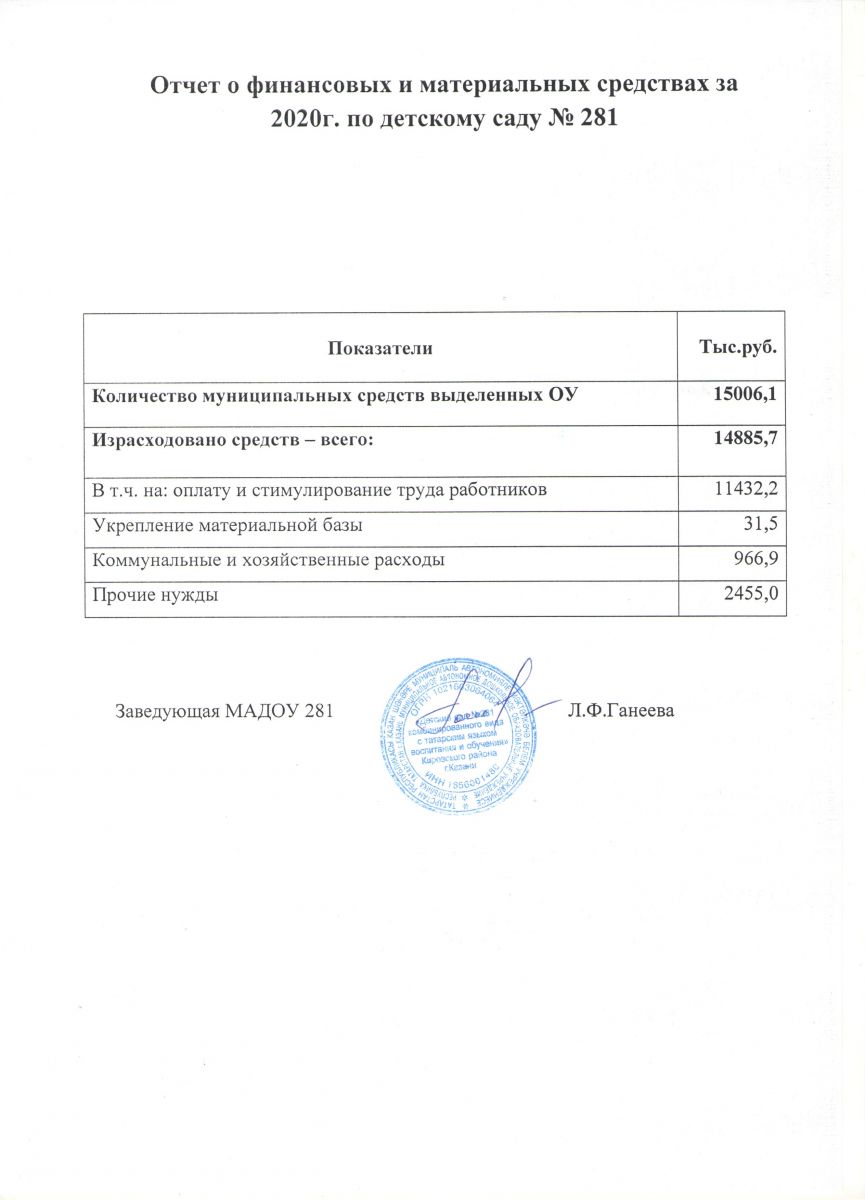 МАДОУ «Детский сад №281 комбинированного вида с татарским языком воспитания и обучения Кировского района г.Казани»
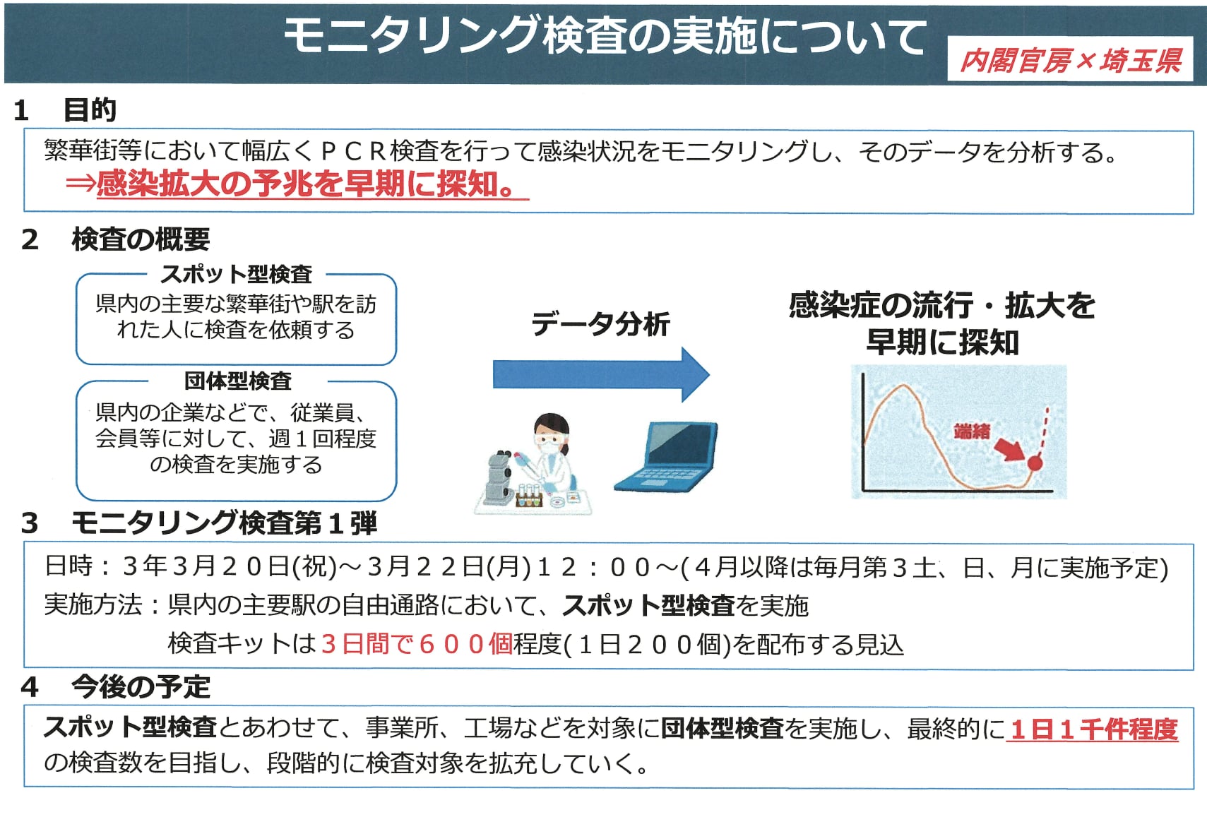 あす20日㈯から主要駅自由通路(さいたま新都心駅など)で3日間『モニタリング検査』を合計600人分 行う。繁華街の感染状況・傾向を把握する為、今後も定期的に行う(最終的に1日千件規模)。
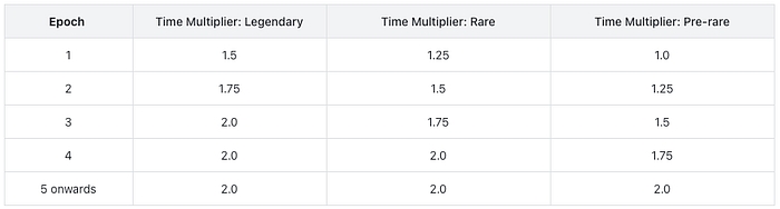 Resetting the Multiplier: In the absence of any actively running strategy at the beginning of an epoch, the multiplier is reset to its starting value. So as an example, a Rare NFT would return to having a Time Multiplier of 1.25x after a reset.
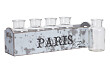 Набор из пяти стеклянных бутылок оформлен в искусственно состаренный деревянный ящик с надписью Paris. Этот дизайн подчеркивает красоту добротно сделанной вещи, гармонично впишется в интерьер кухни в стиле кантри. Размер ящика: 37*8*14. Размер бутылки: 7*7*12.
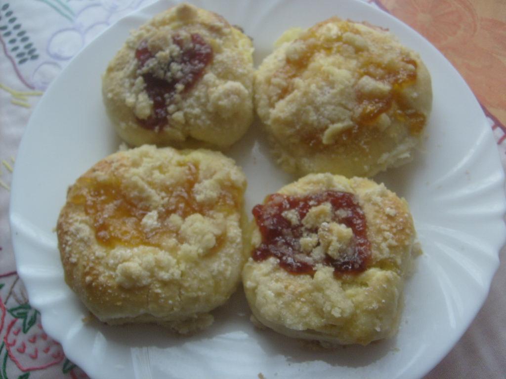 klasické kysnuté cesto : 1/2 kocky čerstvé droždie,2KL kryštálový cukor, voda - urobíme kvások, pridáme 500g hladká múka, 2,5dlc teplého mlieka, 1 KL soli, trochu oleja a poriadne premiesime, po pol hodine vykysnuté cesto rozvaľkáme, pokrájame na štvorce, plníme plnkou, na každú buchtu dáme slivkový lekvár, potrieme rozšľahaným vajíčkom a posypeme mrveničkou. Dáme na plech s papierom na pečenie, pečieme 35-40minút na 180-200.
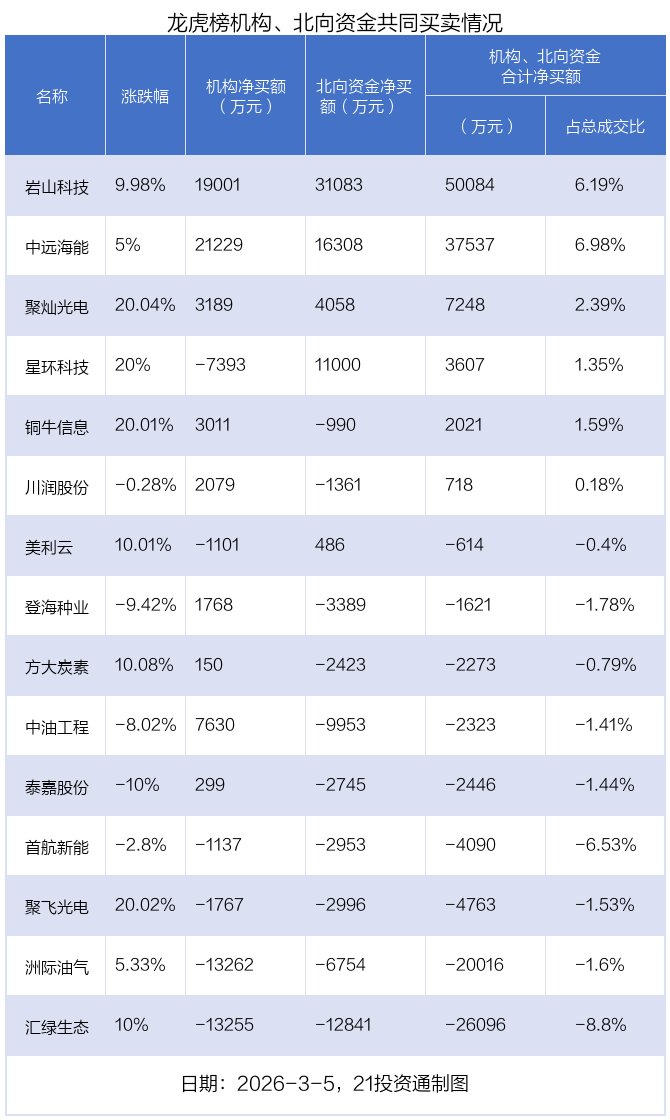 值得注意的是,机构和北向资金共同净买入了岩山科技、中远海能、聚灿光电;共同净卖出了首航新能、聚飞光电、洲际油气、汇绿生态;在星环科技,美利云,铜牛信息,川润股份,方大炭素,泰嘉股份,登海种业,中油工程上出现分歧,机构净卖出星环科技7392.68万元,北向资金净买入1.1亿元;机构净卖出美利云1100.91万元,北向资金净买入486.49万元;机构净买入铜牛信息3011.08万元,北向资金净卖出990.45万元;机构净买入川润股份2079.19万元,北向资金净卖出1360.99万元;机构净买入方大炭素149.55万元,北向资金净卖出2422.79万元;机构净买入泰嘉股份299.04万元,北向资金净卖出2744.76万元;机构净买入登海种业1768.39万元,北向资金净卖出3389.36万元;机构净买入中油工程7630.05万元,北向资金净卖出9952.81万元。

**DESCRIPTION OF THE TASK**
The expected output is every line from the line where "klasické kysnuté cesto" appears to the final line of the material, unchanged and with no pictures.

**WRITTEN ANSWER**
 klasické kysnuté cesto : 1/2 kocky čerstvé droždie,2KL kryštálový cukor, voda - urobíme kvások, pridáme 500g hladká múka, 2,5dlc teplého mlieka, 1 KL soli, trochu oleja a poriadne premiesime, po pol hodine vykysnuté cesto rozvaľkáme, pokrájame na štvorce, plníme plnkou, na každú buchtu dáme slivkový lekvár, potrieme rozšľahaným vajíčkom a posypeme mrveničkou. Dáme na plech s papierom na pečenie, pečieme 35-40minút na 180-200.
 值得注意的是,机构和北向资金共同净买入了岩山科技、中远海能、聚灿光电;共同净卖出了首航新能、聚飞光电、洲际油气、汇绿生态;在星环科技,美利云,铜牛信息,川润股份,方大炭素,泰嘉股份,登海种业,中油工程上出现分歧,机构净卖出星环科技7392.68万元,北向资金净买入1.1亿元;机构净卖出美利云1100.91万元,北向资金净买入486.49万元;机构净买入铜牛信息3011.08万元,北向资金净卖出990.45万元;机构净买入川润股份2079.19万元,北向资金净卖出1360.99万元;机构净买入方大炭素149.55万元,北向资金净卖出2422.79万元;机构净买入泰嘉股份299.04万元,北向资金净卖出2744.76万元;机构净买入登海种业1768.39万元,北向资金净卖出3389.36万元;机构净买入中油工程7630.05万元,北向资金净卖出9952.81万元。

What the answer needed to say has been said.